We recently compiled a list of Jim Cramer’s 10 hottest stocks, and in this article we’ll take a look at how NVIDIA Corporation (NASDAQ:NVDA) ranks against the rest of Jim Cramer’s stocks.
On a recent episode of Mad Money, Jim Cramer talked about some of Wall Street’s biggest oversights this earnings season, especially on a day when the Dow fell 141 points and the Nasdaq rose 0.2%. Cramer cited misleading stories about the impact of GLP-1 drugs on food and beverage companies, reluctance to cut prices post-pandemic, skepticism about AI investments, and
Intel continues to dominate the technology world.
Cramer argues that if companies were more honest about their changing circumstances, they would appear more credible and their stock prices could rise, but by concealing important details, they could confuse investors and make them more likely to make wrong decisions.
“It would make things a lot easier for everyone if companies admitted their changed situation, but who wants to admit they’re wrong? Companies get credit and stock prices rise, only to suffer as investors try to figure out what’s actually going on and assume the worst instead of the best,” Cramer said.
Kramer emphasized how easy it is to be misled in an age of misinformation and stressed the need to recognize these gaps. According to Kramer, despite the fact that approximately 20 million Americans are reported to be using GLP-1 weight loss and diabetes drugs, food and beverage companies refuse to acknowledge any adverse effects of these drugs. They don’t even hint at them. Kramer argues that their denial of the effectiveness of GLP-1 drugs is a complete lie.
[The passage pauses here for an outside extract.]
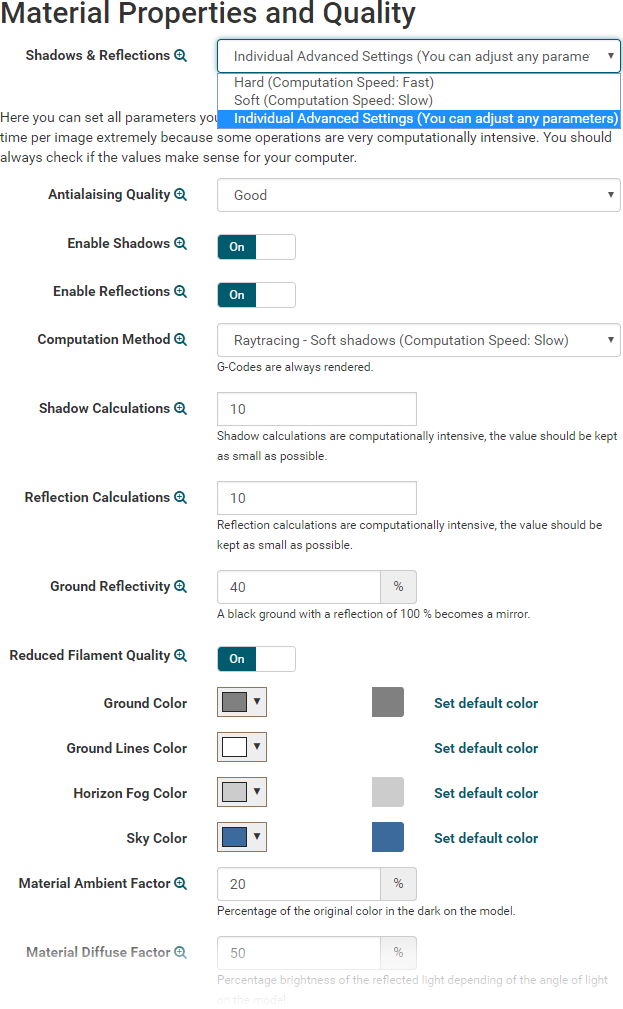 color scheme (Extruder, Feature Type, Speed, Width and Height) and what you want so be displayd. Click
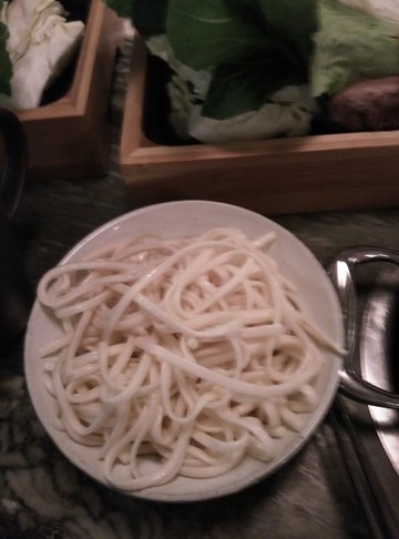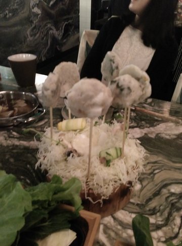 去他们家吃的午饭,点了午市套餐,然后再单点了些。他们家生意很好的,我们提前定了位。午市套餐相对有性价比,88元一个人,可以点一个锅底,一份肉,还有丸类、蔬菜拼盘和主食。汤底我选了黄金猪骨汤,里面有一块大骨头,汤底蛮鲜的,骨头上还带着不少肉。肉类,可以在牛羊猪肉中选一样,我选了牛肉,牛肉吃口还是很嫩的,吸收了鲜汤的味道,口感不错哦。丸类有香菇贡丸、手工蛋饺,香菇贡丸蛮鲜的,蛋饺的蛋皮厚实,肉馅儿味道也挺好的。还配了一个菜肉馄饨,馄饨皮劲道的。米饭和面二选一,我选了宽面,面条挺有嚼头的,煮久一点也不会烂。另外听服务员推荐,点了梦幻仙境棒棒糖,88元一份,只是比较噱头,做成把虾滑、鱼滑等做成棒棒糖的模样,再弄点烟雾缭绕状。一共六根,我们仨一人吃两个,我觉得一般啦,里面是啥东东也没尝清楚,我们还吃出了橘子皮的味道,有点甜的那种。点了份熟菜,台湾红曲烧肉,这个蛮好吃的,香口。开始不知道套餐的量,所以加点了三鲜馄饨和菜肉馄饨,反正一小份才三个。看到他们的活体菌菇,朋友有兴趣自己动手剪一下,就点了鲜活黄金菇,现剪现涮,新鲜哦。服务员态度还不错,就是生意好,有时候有点忙不过来。…查看更多

“We know that when you take GLP-1, it suppresses your appetite, so you eat a lot less and eat less snack foods. … These drugs are incredibly powerful. It would be crazy for them not to hurt snack food companies.”
Commenting on price increases, Cramer said most companies have not seen the need to lower prices despite the massive hikes that have occurred during the pandemic. He noted that airlines that have consistently underperformed have refused to lower fares and are acting as if the hikes never happened.
“There are countless airlines out there that are underperforming. They simply won’t lower their prices and act as if they never raised them in the first place.”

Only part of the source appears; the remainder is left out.